* **DATA BLOCK**:
-*-
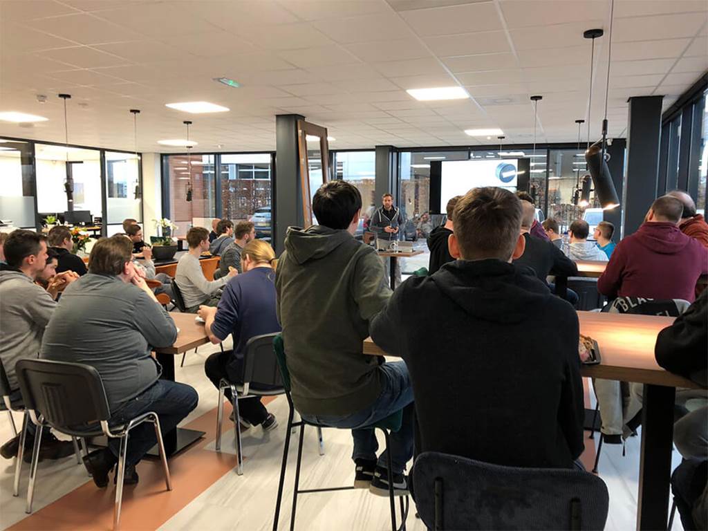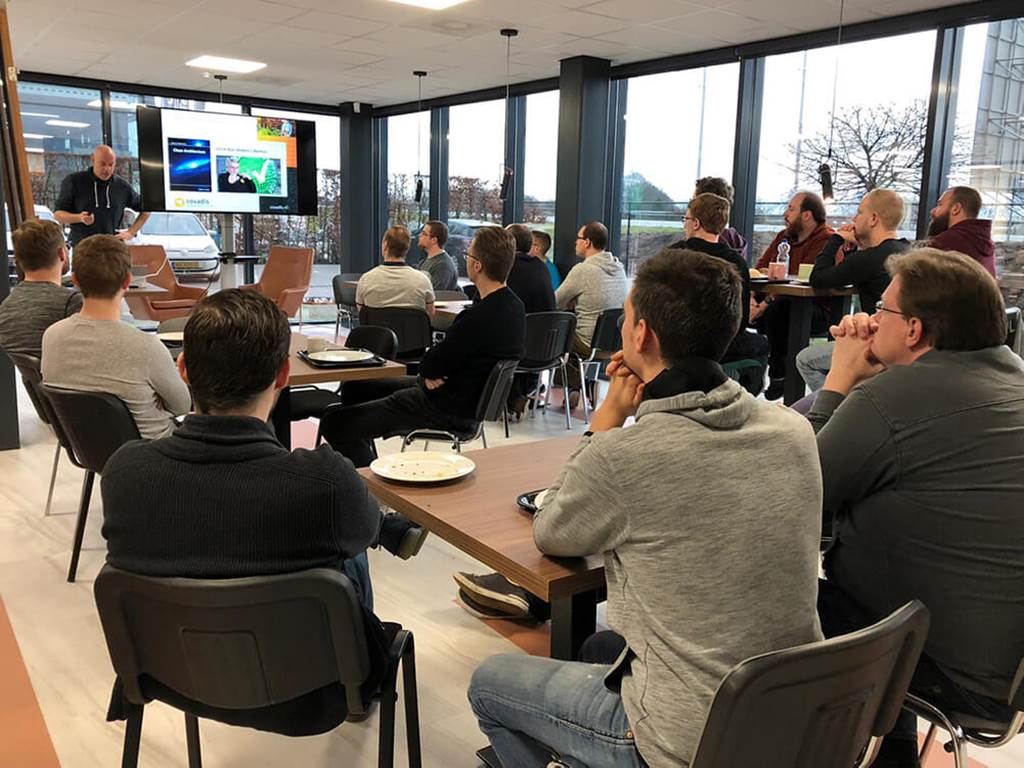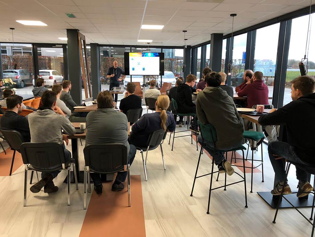 De collega’s van Covadis hebben zich in het restaurant verzameld voor een interne kennissessie. Het gaat om de eerste talk in het nieuwe onderkomen aan de Expeditieweg 6a. Dat maakt het al tot een bijzondere bijeenkomst. Daarbij gaat deze sessie niet alleen over de techniek achter Covadis software, maar ook over de beleving van de eindgebruiker. Zodoende vertelden leden van een ontwikkelteam meer over Asset Management 2.0. Een project dat deels tot stand kwam in het Innovatielab van Covadis.
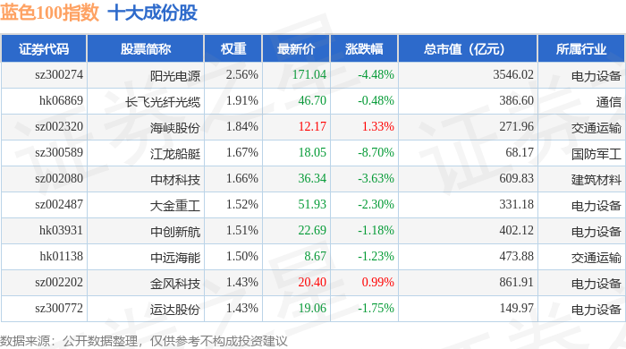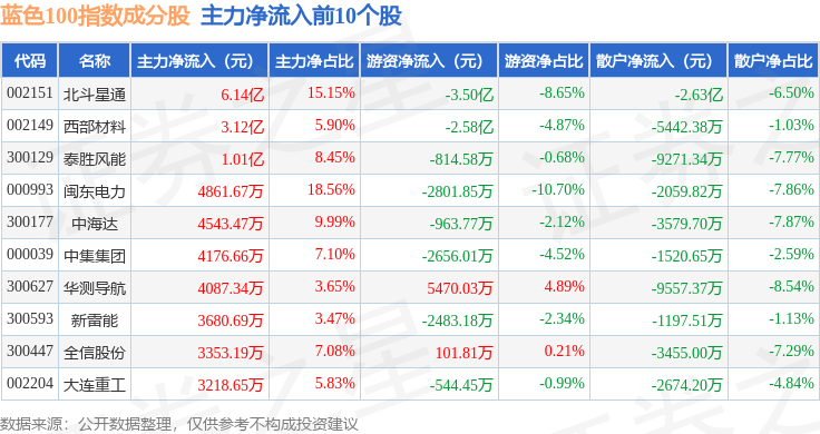 资金流向方面,蓝色100(980068)指数成份股当日主力资金净流出合计13.88亿元,游资资金净流入合计1255.84万元,散户资金净流入合计13.75亿元。成份股资金流向详情见下表:
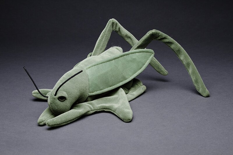 Grasshopper puppet with attached Aesop's fable "The Grasshopper and the Ants."1990? Grasshopper puppet with attached Aesop's fable "The Grasshopper and the Ants." "Folktails" series by Folkmanis, Inc., Emeryville, CA. Made in Korea. As the tag shows on this puppet in excellent condition, the puppet is meant to recall GA. The version attached to this delightful little fellow has the ants answering at the end of the fable: "If you were foolish enough to sing all summer, then you will have to go to bed without any supper in the winter." I have never seen that ending before. Two well-formed rear legs are nicely filled out, but the manipulator of this puppet has four front legs to control with four different fingers. As often in Folkmanis creations, the eyes are excellently rendered.
-*-
* **WHAT NEEDS TO BE DONE**: Only the lines from the line containing "资金流向方面,蓝色100(9" through the end of the material should be retyped, exactly and in full, with no pictures.

* **ANSWER**:
 资金流向方面,蓝色100(980068)指数成份股当日主力资金净流出合计13.88亿元,游资资金净流入合计1255.84万元,散户资金净流入合计13.75亿元。成份股资金流向详情见下表:
 Grasshopper puppet with attached Aesop's fable "The Grasshopper and the Ants."1990? Grasshopper puppet with attached Aesop's fable "The Grasshopper and the Ants." "Folktails" series by Folkmanis, Inc., Emeryville, CA. Made in Korea. As the tag shows on this puppet in excellent condition, the puppet is meant to recall GA. The version attached to this delightful little fellow has the ants answering at the end of the fable: "If you were foolish enough to sing all summer, then you will have to go to bed without any supper in the winter." I have never seen that ending before. Two well-formed rear legs are nicely filled out, but the manipulator of this puppet has four front legs to control with four different fingers. As often in Folkmanis creations, the eyes are excellently rendered.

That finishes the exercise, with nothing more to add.